The crowd had been appreciative up till now, but he felt a shift, saw it on their faces. They loved him. And he loved them. And if he could admit it, he loved that they loved him. For once in his life the praise wasn’t all about the god of Christian music: Brandon Scott. The roars of the crowd were for Kevin Kaison, stepping into his glory. No. Leaping into his glory—with arms stretched to their limit.
For the rest of the concert he did exactly what Brandon had told him to. He went crazy, forgot about playing every chord right and hitting every note perfect and just played with abandon.
By the time the last chord on the last song filled the dusky night air, he knew he’d hit a grand-slam home run. He raised his guitar to the audience and loped offstage, adrenaline and sweat and exhilaration all pouring over him.
The roar of the crowd ended in shouts of “Encore!” and Kevin strutted back onto the stage and again raised his guitar high in the air. The crowd erupted and his grin felt like it wrapped around his head. He was home for the first time in his life and if he had anything to say about it, would never leave.
An hour later Kevin sat alone in the center of the empty stage. The shouts of a late-evening soccer game under the Marymoor Park lights floated toward him from a half mile away. And the shouts of the crowd at the concert still echoed through his head. Cheering for him. Loving his music. His dream had come alive.
Holding the case his bass rested in with both hands, Anthony bounced over to Kevin. “Congratulations, K2. I knew you could do it. The band knew you could do it. Most of all Brandon knew you could. Well done.”

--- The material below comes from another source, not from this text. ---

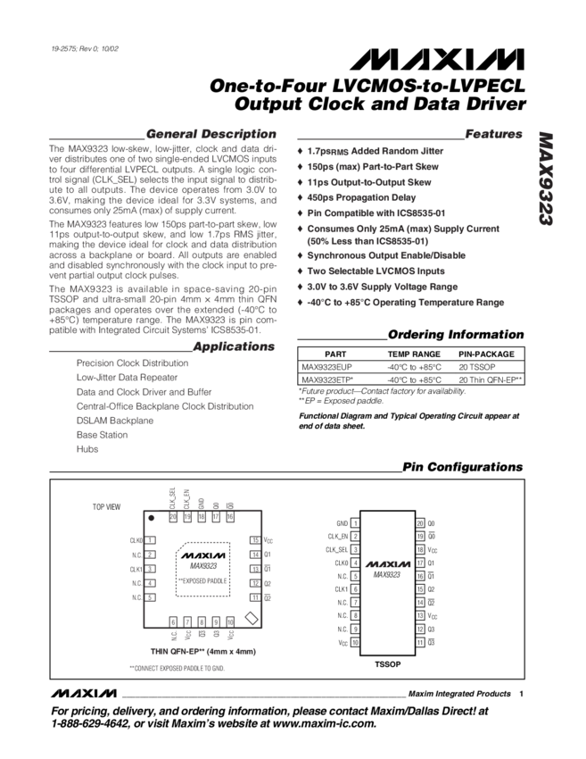 MAX9323 One to Four LVCMOS to LVPECL Clock and Data Driver
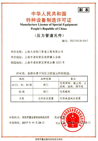 • 特種設備制造許可證

“Thanks.” Kevin gazed over the matted grass again, and an image of the crowd again filled his mind.
“How are you going to juggle being a rising star and being Brandon’s manager slash agent at the same time?”
A surge of adrenaline filled him, but he shoved the emotion down. “Easy. This was a one-time thing—my hobby getting a few moments in the sun. Managing Brandon is my true calling.”
“Do you practice that insipid line every day?”
Kevin turned to Anthony and stared at the bass player’s grin. As he did, an impression formed in Kevin’s mind. Anthony was right. He wouldn’t be going back. His days were on the verge of change. He’d just hopped on a sixty-foot wave and his surfboard was pointed straight down—he was about to go on the ride of his life.